[Opendnssec-user] Problems adding largish # of zones

Havard Eidnes he at uninett.no
Thu Dec 17 19:07:15 UTC 2015


Hi,

I'll try to digest the rest of your message more properly, but
this is just my initial feedback:

> So to cut to the chase. Based on my testing, on short term your
> troubles should go away by increasing the number of this define in
> tcpset.h
>
> #define TCPSET_MAX 50
>
> Make this something in the order of the number of zones you are
> adding at once. I'd stay a bit away from 1024 as to allow for
> the signerd to have some room for other file descriptors.
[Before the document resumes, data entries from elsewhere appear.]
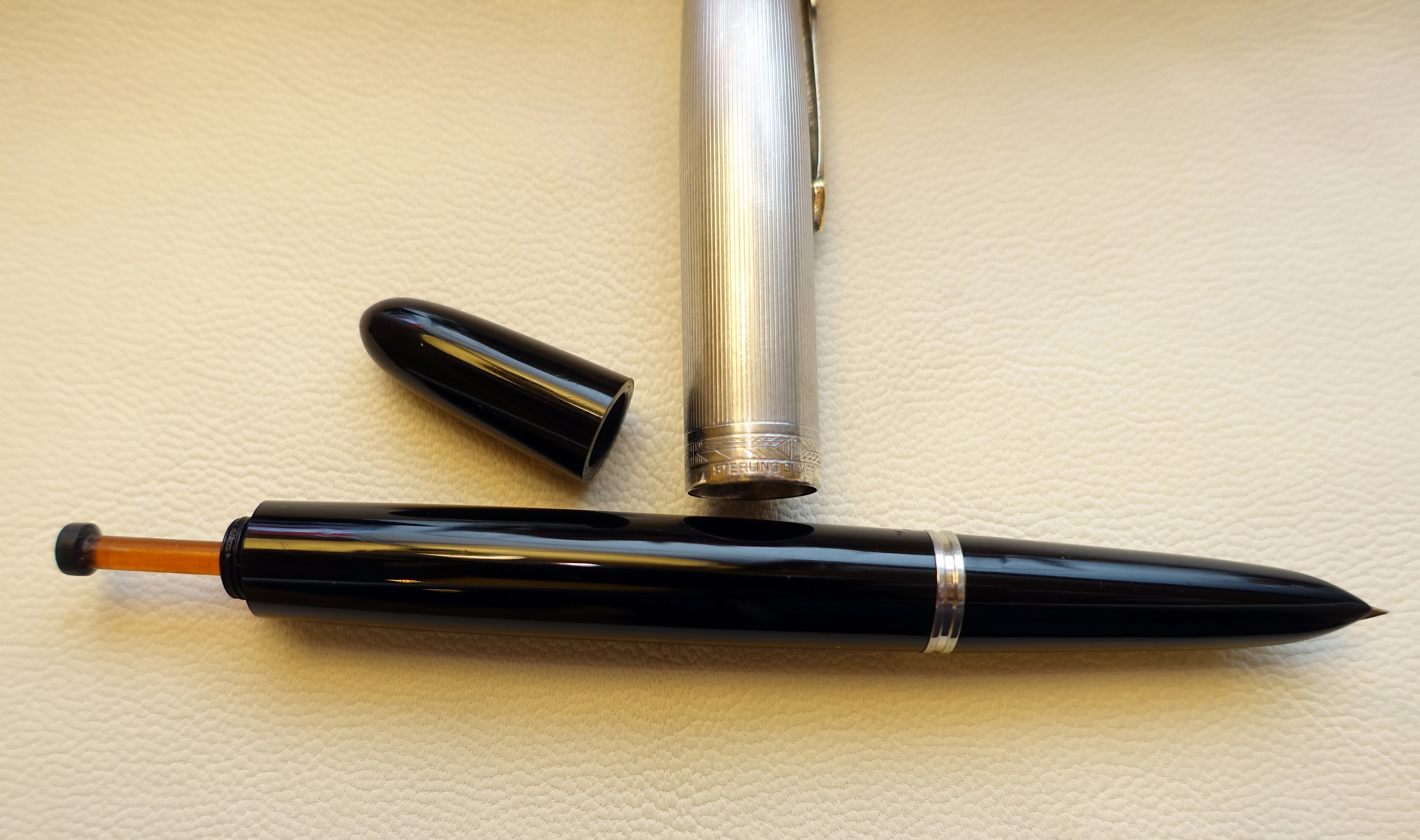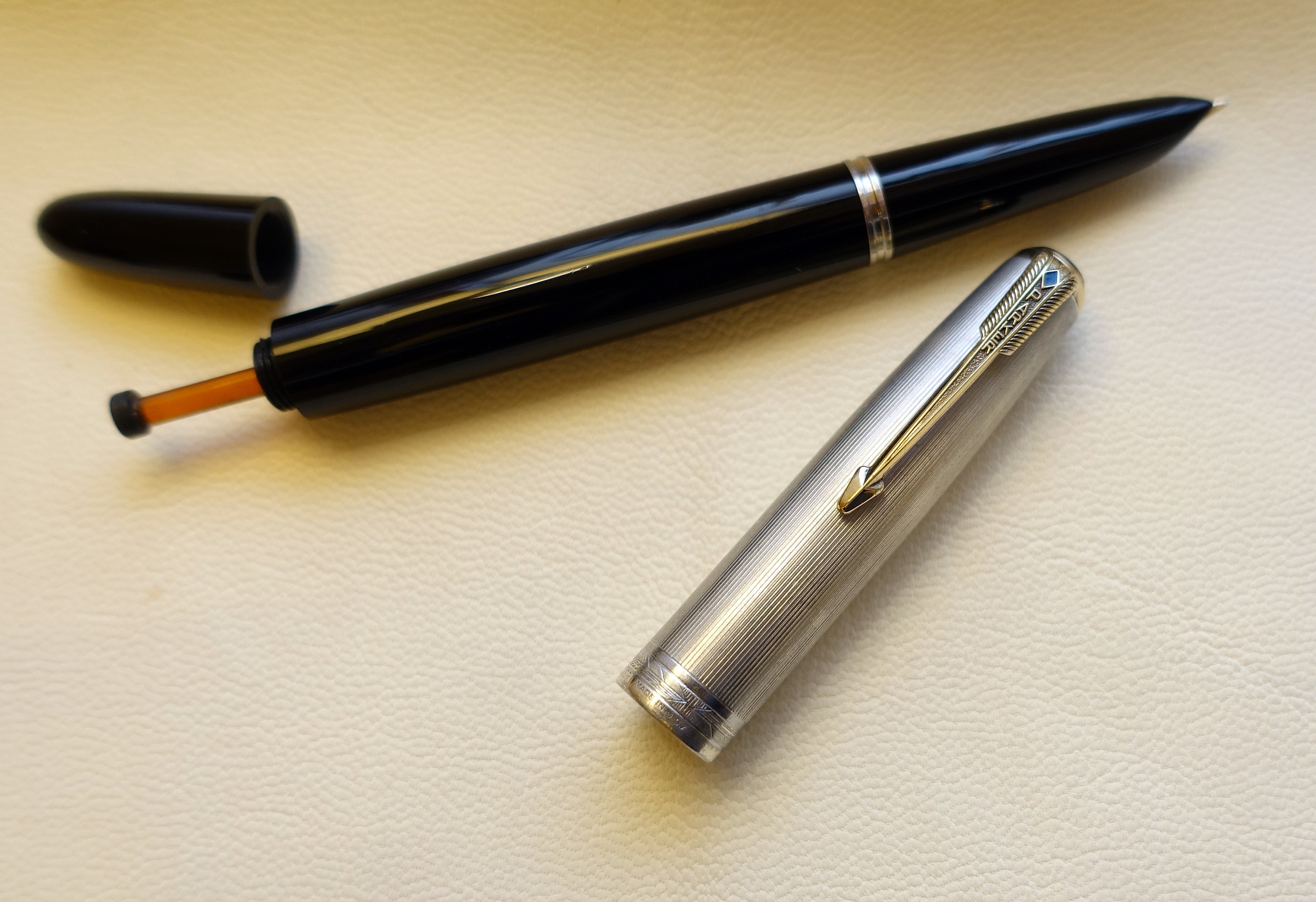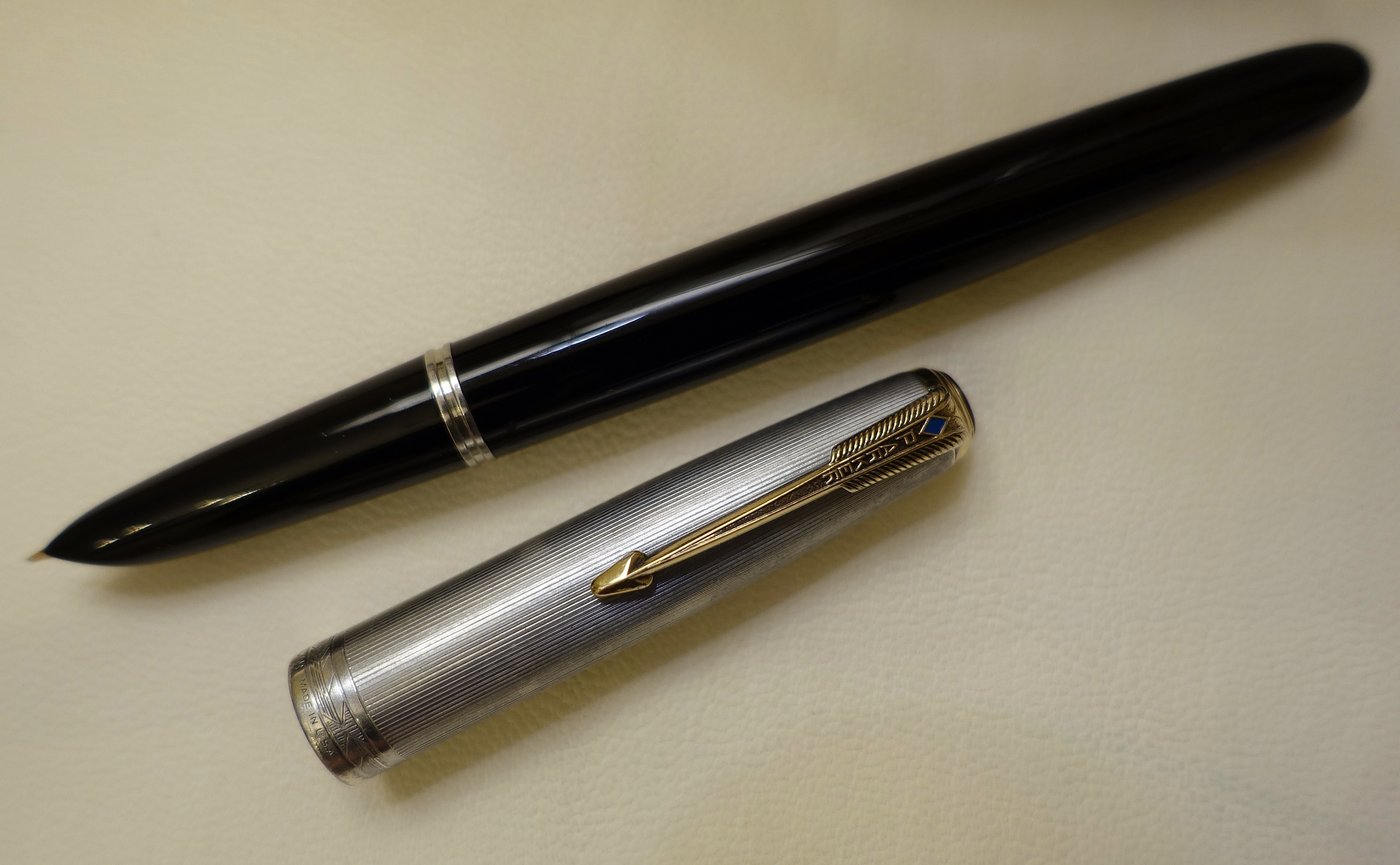 La Parker 51 con la Aurora 88 è la mia penna preferita, questo ultimo ritrovamento è dunque un sogno, l' avevo vista la prima volta nella collezione di un amico e pensavo che mai più ne avrei trovata una simile. Un colpo di fortuna ha voluto che la scovassi incredibilmente su ebay, "nascosta" tra una di quelle inserzioni bizzarre dove si intuisce che il venditore non sa cosa ha per le mani e descrive la penna senza precise indicazioni, ho partecipato all'asta e mi è andata molto bene.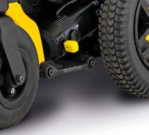 suspension, puncture-proof tyres and castors and an adjustable seat, back and tilt angle. Available in eye-catching mudguard colours, the Rialto features a swing-away joystick.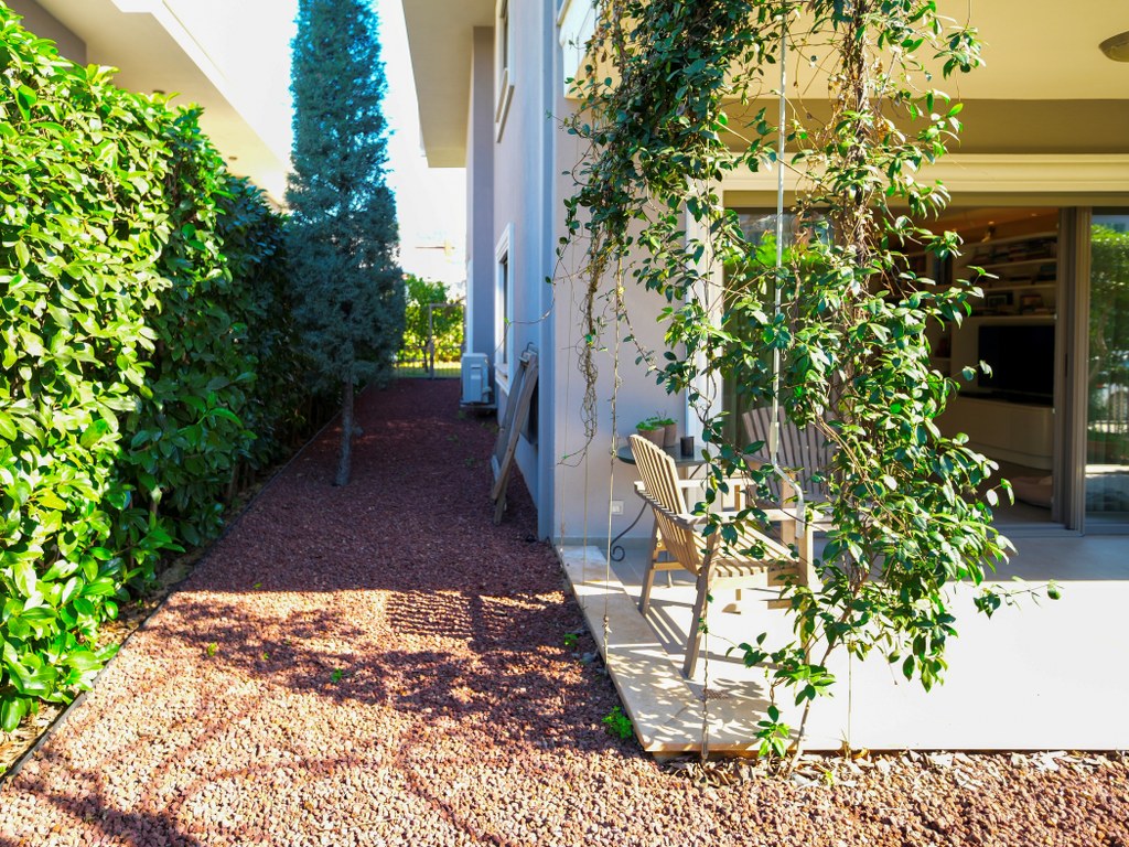 * Özel jüt ve ponza taş kaplamalı, içerisinde zeytin, hurma, çam ağaçlarının ve yasemin sarmaşık bulunan müstakil bahçe kullanımı.

So
> I'd advice maybe 500 to 900.

My initial reaction is that this will make OpenDNSSEC into the
local network villain, and will create a "thundering herd" of TCP
connections on startup, possibly overwhelming the upstream auth
name server (which in our case also does other things than feed
OpenDNSSEC its zones(!)).

Instead I'd rather like to see OpenDNSSEC properly pace itself in
its interaction with its surroundings: there really is no need to
start 300-500 parallel TCP sessions on startup if it only is
configured to have two worker threads!  Even on a relatively
beefy machine it takes its own sweet time "configuring" and
"reading" all the zone files on startup, so why the rush?  And
I'm quite certain that in total, doing this paced instead of with
300-500 parallel sessions isn't actually going to be slower,
possibly quite the opposite, and additionally create a lot less
stress on its surroundings.

If the signer wants to read a zone file, and the zone file isn't
there, do a zone transfer if configured to do so, and wait for it
to complete before proceeding, instead of "retrying".  If there's
no connection slot available, take a place in the queue, and
don't simply declare "input adapter failed" and *not* initiate a
zone transfer, and spin around ever more slowly trying to read a
zone file which won't be there until a zone transfer is actually
attempted.  (That's what the behaviour looks like reading the log
files, which seems an awfully clumsy way to go about these
things...)

Instead of the signer trying 300-500 parallel zone transfers, I
think a more reasonable behaviour would be to not do more than 4
parallel zone transfers(!)

But ... this partly depends on what you actually mean when you
say "the number of zones you are adding at once".  I can think of
a couple of interpretations:

1) The number of zones configured where there's no cached file
   on-disk, i.e. the number of configured zones.  When I get the
   dreaded "soamin not set" assertion (which unhelpfully doesn't
   point to *which* zone or which file which triggers this error
   condition, possibly I'll take a look at fixing that), I as an
   operator have no other recourse than to remove all the cached
   files.  So am I then "adding the number of configured zones"
   (in my case, at present, 368).
   
2) The number of zones added in one batch, with "zone add" and
   counted when you do the corresponding "update zonelist"?  This
   is in our situation usually quite modest, except for the round
   where I 2-3 weeks ago added around 300 in one go.

Or perhaps "both 1 and 2"?


I'll need to look in more detail at the suggested patches and the
other comments.

Regards,

- Håvard



More information about the Opendnssec-user mailing list